Maybe there is no other way to tap the talent inside Vernon Maxwell. Maybe the threat of failure is the only thing that can force his survival in the NBA.
Maxwell, whose career at the University of Florida was both stormy and spectacular, knows the Houston Rockets could well be his last chance.
It's a matter of survival of the fittest. And Maxwell's chief competitor is himself.
Because of that fear, he has responded to this last-ditch effort by playing some of the best basketball in his short professional career.

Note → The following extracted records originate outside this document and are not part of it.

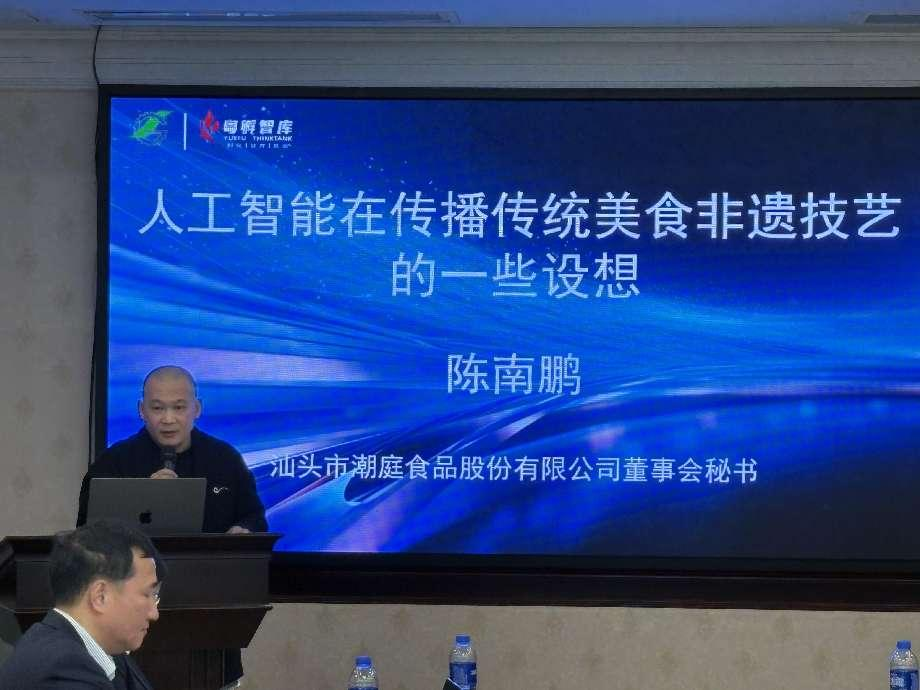 潮庭食品陈南鹏介绍了公司与汕头大学合作开发手打牛肉丸机器人的经验,并分享了运用AI技术传播非遗文化的思路以及在企业营销与合规风控的应用。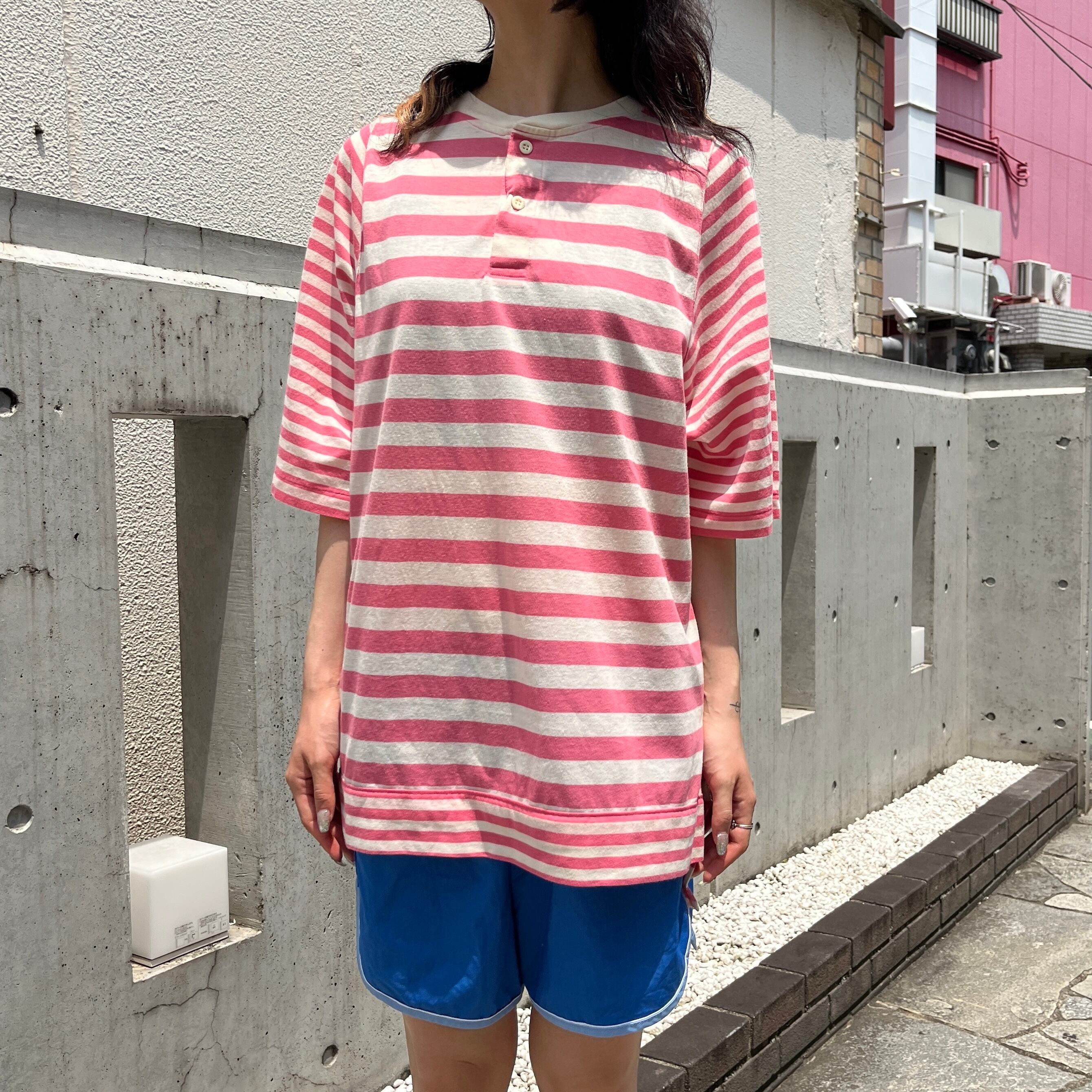 ピンク×ホワイトのボーダー柄Tシャツ。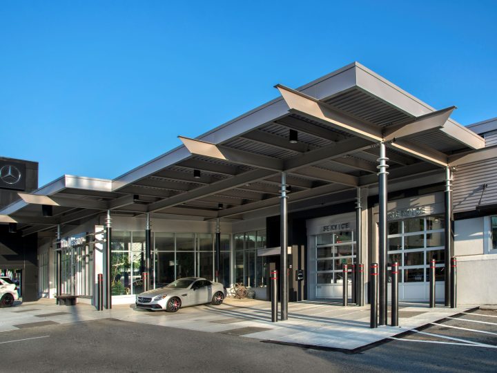 This stunning renovation was a complete transformation of the existing showroom and service area to include all new windows, floors, paint, ceilings, and bathroom upgrades. Mercedes Benz required appropriate updates to the building to comply with their Corporate Identity Guidelines, including an expanded showroom, indoor service write-up, and an indoor new car delivery area.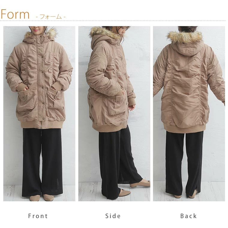 4. 大きいサイズ デザイン変更 サイズ追加 リブ使い 裏ボア 長袖 モッズコート

The Rockets are in the playoffs, playing the Los Angeles Lakers. They probably wouldn't be there without Maxwell. Since coming to Houston in late February, he has helped the Rockets to a 17-10 record and a post-season berth on the final day of the season.
Despite losing the first two playoff games to the Lakers, Houston has received standout performances from Maxwell. He had 20 points in Game 1 and 24 on Sunday.
"He says the right things, as most players are able to do," said Don Cronson, Maxwell's New York-based agent. "But in this case, he's put some deeds behind his words."
During a recent trip to Orlando for a game against the expansion Magic, Maxwell again said all the right things _ that he's not the Vernon people used to know in Gainesville, and more recently in San Antonio, Texas.
"I realize that I got another chance," said Maxwell, "and I'm not going to get too many chances. I have to make the most of this one."
In the enduring saga of 24-year-old Vernon Maxwell, only one thing is missing: a dull moment.
The greatest scorer in Gators history became the greatest disappointment after he admitted to numerous improper actions.
He was granted immunity in a probe of the Florida athletic program. He testified to a federal grand jury that he spent some of the money he received illegally from an agent to purchase cocaine. The St. Petersburg Times reported that he tested positive for drugs at least three times, but was never removed from the basketball team, an apparent violation of the school's drug policy.
Projected to be a first-round NBA pick, Maxwell wasn't selected until the second round of the 1988 draft.
He lasted a season and a half with the San Antonio Spurs.
Earlier this year, he was accused in a complaint of assaulting a Spurs fan outside a San Antonio nightclub. On Feb. 15, his wife filed for divorce, charging him in court documents with "cruel treatment and adulterous conduct."
One week later, Maxwell was sold to Houston for the miserly sum of $50,000. Turns out the Rockets got a bargain.
"He's a serious player, the kind of guy who understands what it means to execute at full speed," Houston coach Don Chaney said last month. It was Chaney who lobbied for management to acquire Maxwell.
"We've got a lot of players who are deficient in the fundamentals," said Chaney. "Vernon had a good teacher somewhere along the line."
Maxwell credits San Antonio coach Larry Brown for expanding his game. But he could always play basketball. The hard part, he said, came away from the court.
"I was wild and crazy. I did a lot of wild and crazy things. I was going out, partying all the time," said Maxwell. "I got into a lot of things, had some problems. I have to take care of my body."
Last season Maxwell and all other rookies had to take random drug tests. He passed every one of them.
"It's a blessing that I'm in Houston," he said. "It's been a 110 percent turnaround for me. I'm going to do my best to stay away from the places I've been. I've got a clean slate and I'm going to make the best of it."
Maxwell, who has two children, said he wants to be a better father. "I go back and think: My father wasn't there for me. I want to be there for them."
Right now, he's busy with the playoffs. Houston rallied to snatch the eighth and final playoff spot away from Seattle in the Western Conference.
Maxwell starts in the backcourt with Sleepy Floyd. His defensive assignment is the Lakers' Magic Johnson.
He can't stop Johnson from scoring or passing (no one can), but there are two ends. He can shoot and pass some, too. If he does, the Rockets might make the Lakers work harder than they want to.
There is just one problem: The words of redemption from Maxwell's mouth that get recorded for posterity, he's used them all before. It's now his job to give meaning to those words.
"I'm trying to change my life, and I feel like I am making changes," said Maxwell. "I don't even like to think about the past. I get a sour taste in my mouth every time I do."